«A ideia que ocorreu ao Soberano de criar o Tabir assenta no facto de Alá lançar um sonho anunciante à superfície do globo com a mesma desenvoltura que desfere um relâmpago, desenha um arco-íris ou aproxima subitamente de nós um cometa que Ele vai buscar ninguém sabe a que misteriosas profundezas do Universo. Lança então um sinal sobre esta terra, sem cuidar do lugar onde ele vai cair, pois, distante como está de nós, não pode ocupar-se de tal género de pormenor. É a nós que nos cabe descobrir onde pousou este sonho, desencantá-lo entre milhões e biliões de outros, como quem busca uma pérola perdida num deserto de areia.»
Mark-Alem é um jovem ocioso, descendente da família Quprili, influente família aristocrata de origem albanesa, num ficcionado Estados Unidos Otomanos em meados do século XIX. Mark-Alem é nomeado para o Tabir Sarrail, o Palácio dos Sonhos, instituição criada pelo Soberano, cuja função é analisar e deslindar os sonhos tidos pelos habitantes dos quatro cantos do vasto império, em busca de visões e sinais do futuro do Estado, em busca do Sonho-Mor. Mark-Alem, dividido entre as suas origens e as suas funções, passa a viver envolvido na pesada máquina de poder de um Estado autoritário, na constante incerteza do que é sonho e do que é realidade, e em constante conflito entre aquilo que define o futuro do Estado e o seu próprio futuro.
Kadaré tem uma extraordinária forma de prender o leitor. O ambiente que cria, lembra Orwel, em "1984", ou Zamiatine, em "Nós". As suas descrições lembram Kafka, em "O Processo". A sua escrita balança entre o realismo fantástico dos sul-americanos e o realismo cru dos balcânicos. Tudo isto junto leva "O Palácio dos Sonhos" para a minha lista de livros da vida, e Kadaré para a lista de autores a reter e repetir.

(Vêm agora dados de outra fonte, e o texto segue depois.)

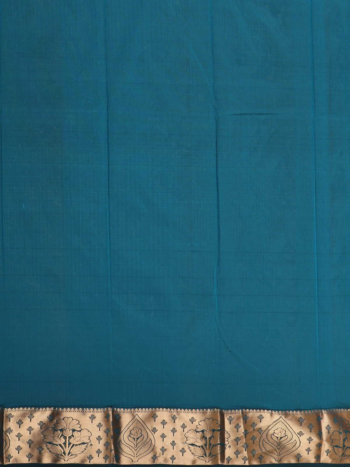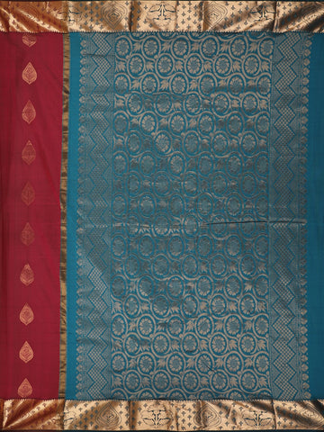 The saree is highlighted with a richly detailed gold zari border, featuring intricate traditional patterns that lend depth and regal charm to the overall look. The harmonious blend of the lustrous maroon base and shimmering zari work enhances the saree’s luxurious appeal while maintaining a refined, traditional aesthetic.

Só é pena que tão fantástica história tenha direito a tão fraca edição. Vários erros, incoerência nos termos, pouca pesquisa e informação (as poucas notas de rodapé limitam-se a traduções das notas da edição francesa). Não há por aí ninguém que dê a este livro o tratamento que merece? Se não houver, só me resta ir aprender Albanês.